Charles-Henri Pourquet, born Henri Charles Justin Pourquet (14 August 1877 – 1943) was a French sculptor.

== Life ==
Born in Colombes, the son of a baker, Pourquet had Nivernais origins and was a student of Louis-Ernest Barrias and Jules Coutan at the École des beaux-arts de Paris. In 1907, he became a member of the Société des artistes français

He was successful after the First World War, with sculptures of Poilus that served as models for many war memorials in France under three different models: Bust, Poilu, and more particularly the one entitled Resistance, of which several hundred copies will be cast by the Fonderie d'art du Val d'Osne.

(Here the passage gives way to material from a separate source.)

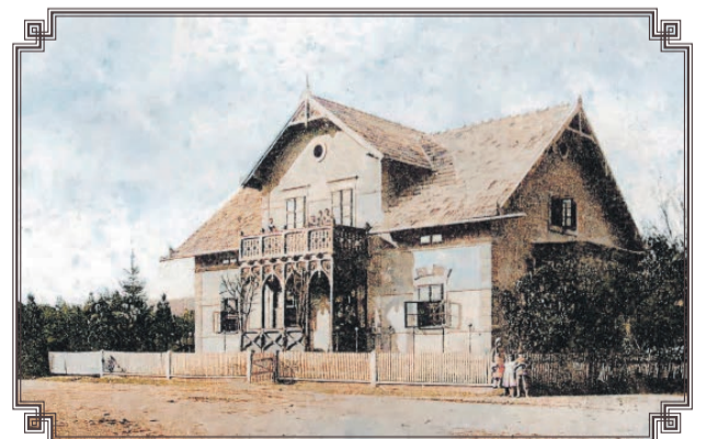
Vila Zimmermann, rok 1917. Pravdepodobne sa nachádzala v mieste terajšieho koryta Hrona

Among other works, is "Orpheus at the tomb of Eurydice", a bas-relief which will then be acquired by the State for the new National Conservatory of Music, a monument dedicated to Jules Renard in Chitry-les-Mines (Nièvre) where the writer lived as a child, and the Tombeau de la famille Sabaterie, in the Arlanc (Puy-de-Dôme) cemetery. He remarried at the town hall of the 18th arrondissement on 5 November 1921, with Valentine Saint-Selve.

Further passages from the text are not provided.